But as written above I'll start shooting full camera m more often, just bought the Syl Arena book and will experiment with m flash more often - it's a lot to learn when coming from the "p&s" av+ettl2-experience, but I acknowledge it's more reliable in changing light or with reflecting surfaces, so I have to know how to do it.


----------



## Chris Burch (Feb 21, 2013)

Just a thought that occurred to me as I was reading. ETTL (especially when set to evaluative) can get thrown off by a lot of things, but the camera specifically looks for the highlights in the scene to avoid blowing them out. That's why if you get a direct reflection of the flash off of something like a mirror in the background, your whole picture will drop down to a dark exposure based on the camera lowering the flash power. If you change the EC of the image, the highlights of an image may also shift once the flash is applied. For instance, if you're shooting someone in a white shirt against a light wall and you increase the exposure, the added flash power make the near-ground subject (person in white shirt) brighter in relation to the background wall.
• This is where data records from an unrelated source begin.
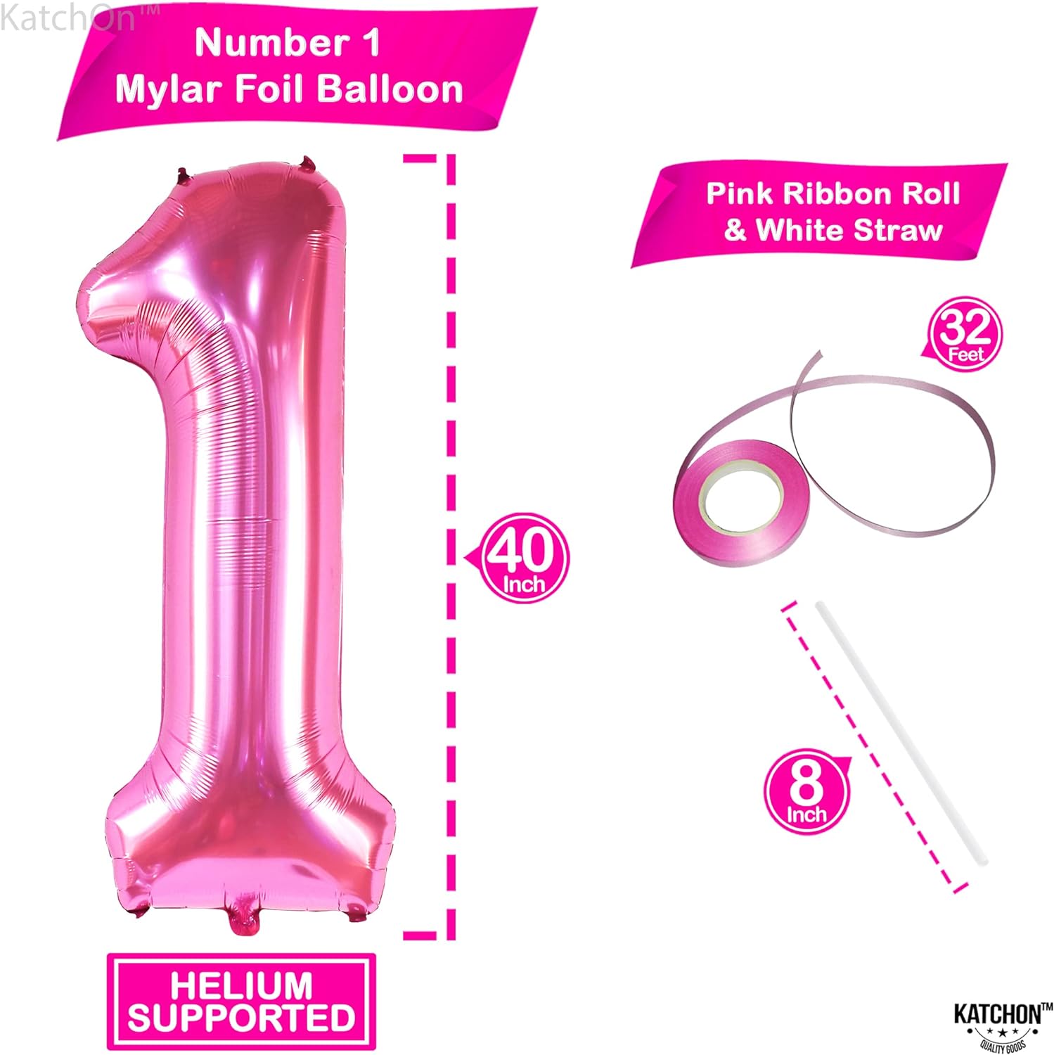 KatchOn, Hot Pink 1 Balloon for First Birthday - 40 Inch | Hot Pink One Balloon for First Birthday | Number 1 Balloons for 1st Birthday Decorations, Hot Pink Party Decorations | 1st Birthday Balloon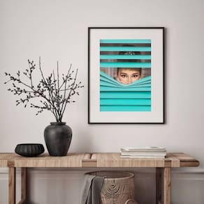 Quadro Audrey Hepburn - Persiana - 60x48cm - Moldura: Madeira branca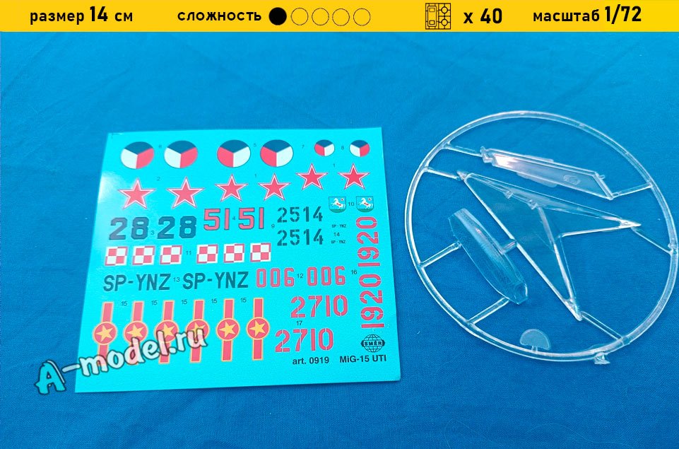 Сборная пластиковая модель истребителя МиГ-15УТИ в масштабе 1/72 от чешской компании SMER. В комплекте набора с моделью: пластиковые детали, инструкция, декали. Отличное схождение деталей модели и прекрасное их качество помогут получить вам удовольствие и массу положительных эмоций во время сборки. Прекрасным дополнением являются декали идущие в комплекте. Понятная инструкция с крупными рисунками облегчит в понимании моментов сборки. Мы давно сотрудничаем с этим производителем, позиция с товаром оригинальна и всегда готова для покупки. У нас всегда в наличии весь ассортимент продукции. В интернет-магазине представлен ассортимент от множества других компаний связанных с моделизмом. Акции и скидки которые часто проводятся у нас позволят вам приобрести товары нашего магазина по привлекательной цене. Вы всегда можете быстро оформить заказ. Предусмотрены несколько видов оплаты банковскими картами. Ваши заказы отправляем в любую точку России после оплаты, при доставке мы выберем минимальный по цене

Whereas under the original setting, the background may have been the brightest area in the pic and the target for eTTL exposure, the new values make the person's shirt the highlight of the image and the eTTL calculations adjust accordingly. I would advise you to only use FEC when you're using eTTL. That will only affect the flash power applied and minimize the number of variables. I advise most people to only use one "auto" setting, which includes eTTL. Then you don't have to worry about the effects of each change on the calculations of another variable setting. So shoot in manual mode and if you want to change the flash ambient ratios, change your shutter speed or ISO.


----------



## Lawliet (Feb 22, 2013)

Marsu42 said:


> after all afaik only the 1dx series has rgb metering (and of course cheaper Nikons, doh).


side note:
Depends on how you define RGB-metering. The iFCL-capable cameras are actually dichromates, not the best color sensitivity, but a rough idea instead of color blindness. Basically they can detect red and blue, but green and white look the same to them.


----------



## Marsu42 (Feb 22, 2013)

Lawliet said:


> Depends on how you define RGB-metering. The iFCL-capable cameras are actually dichromates, not the best color sensitivity, but a rough idea instead of color blindness. Basically they can detect red and blue, but green and white look the same to them.



Ok, didn't know that, thanks - I'm always learning a lot here


----------